漫画家・コラムニストとして活躍するカレー沢薫氏が、家庭生活をはじめとする身のまわりのさまざまなテーマについて語ります。
今回のテーマは「省エネ」だ。
おそらくこれから空前の省エネブームが来るだろう。もしかしたらもう来ているのかもしれないが、社会のことは何一つわからない。
なぜ省エネブームがくるのかというと、ここ数年コロナウイルスの影響で自宅にいる時間が大幅に増えたからだ。
風呂トイレ、窓なし、コンクリート打ちっぱなしのミニマリスト垂涎な部屋に一日中横になっている場合を除けば、家に人間がいるとそれだけで水道光熱費がかかるのだ。
ちなみに、床コン状態だったとしても住民税とかはバッチリかかったりもする。
日本は生存権があるため生まれてきた限り生きる権利があるのだが、同時に生きている限り何かを奪われ続ける義務が発生したりもしている。
もしかしたら税金というのは「貴様が生きていることに対する罰金」という意味なのだろうか。だとしても、国ではなく実際に迷惑をかけている地球さんに払いたい。今日も無断で二酸化炭素を吐いて本当に申し訳ないと思っている。

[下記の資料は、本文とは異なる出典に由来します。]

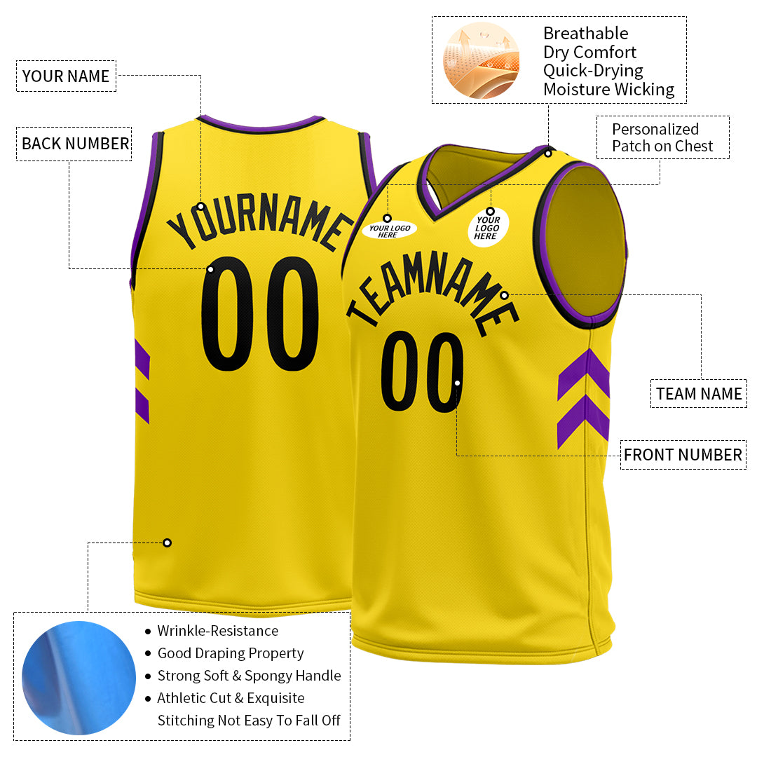 Custom Yellow Basketball Jersey Athletic Sports Shirts For Aldult Youths

つまり、コロナのせいで電気代が上がってしまった家庭はかなり多いのではないか、ということだ。
リモートワークでPC類が支給される会社はあると思うが、電気代まで補助する会社はそう多くはないだろう。
それに、リモートワーカーの電気代に補助がつくとなったら無職が黙っていない。
ただでさえ「会社に行かなくて良い」という特権をリモートワークのせいで奪われてしまった無職たちだ。
さらに、補助金まで出るとなったら流石の俺たちも穏やかではいられない。我々も今まで自宅を警備という仕事を電気代自己負担でやってやっていたのに、職種が違うというだけで電気代が補助されるというのはおかしい。
しかし、日本人はただでさえデモとかが苦手である。
さらに無職は、集団行動が苦手、というか集団行動が苦手だから無職になったとも言える。
そんな人間たちに「○時に永田町に集合」とか言っても、6割は「外に出たくない」という理由で来ないだろうし、3割は「起きれなかった」と言って来ないだろう。
奇跡的に集まった1割は無職の才能がないのでデモをするより社会復帰した方が早いと思う。
しかし、無職が暴れなくてもなかなかリモートワークの水道光熱費を補助という話にはならないだろう。
よって、できるだけ電気代がかからないように、省エネ製品の需要が高まることが予想される。
一番有効な省エネは、まず自分が省エネになることであり、冒頭の床コン作戦でかなり電気代が節約できるし、横になっていると腹も減りづらいので、食費の節約になる。
しかし、リモートワーカーたちはそうはいかない。
働こうと思ったら電気は必要だしパソコンも使わなければいけない。仮に「暗闇で踊る」など、get wildな仕事でも腹は減る。
つまり、仕事というのは「省エネ」の真逆にある行動であり、無駄に電気と人間のエネルギーを消費させ、環境を汚染し、地球の資源を食い潰す行為ということだ。
地球に優しくしたければ、ケツ紙を再生紙にするなどというせせこましいことはせず、一斉に仕事を辞めて、その場に横たわれば良い、ということである。
そうすれば、地球は緑に溢れ、花は咲き誇り、人間が虚な目で倒れて動かない、という下さえ見なければ美しい星になる。
ただ、コロナに先んじて自粛生活をしてきた自分に言わせると、パソコンなどの電気代はそこまで高くないと思われる。
一番電気代を食うのは「暖(ダン)費」だろう。
まず現実として夏と冬では電気代がまるで違う。夏もエアコンを使うのに冬の方が二倍も三倍もかかる、ということは、冷やすより暖める方が電気を使う、ということだ。
しかも冬に暖めるのは部屋の温度だけではない。夏場であればちょっと屁ぬるい風呂に入ってしまっても「こんな日もある」で済むが、冬場だと「今日が命日」の予感を抱いてしまう。
思った以上に冬はありとあらゆるものを暖め、そして暖め直している。そしてそれが電気代として現れているのである。
仕事どころか「オフトゥンから出る」というだけでも部屋を暖める経費が発生してしまうのである。
ここで一番有効な省エネ行動はもちろん「オフトゥンから出ない」だ。
リモートワーカーだとそれは難しいだろうが、それを可能とするのが「無職」である。
この世で一番地球に優しいのは無職だ。
今までエコに対して補助金を出すこともあったのだから、やはり無職には何らかの補助を出すべきだろう。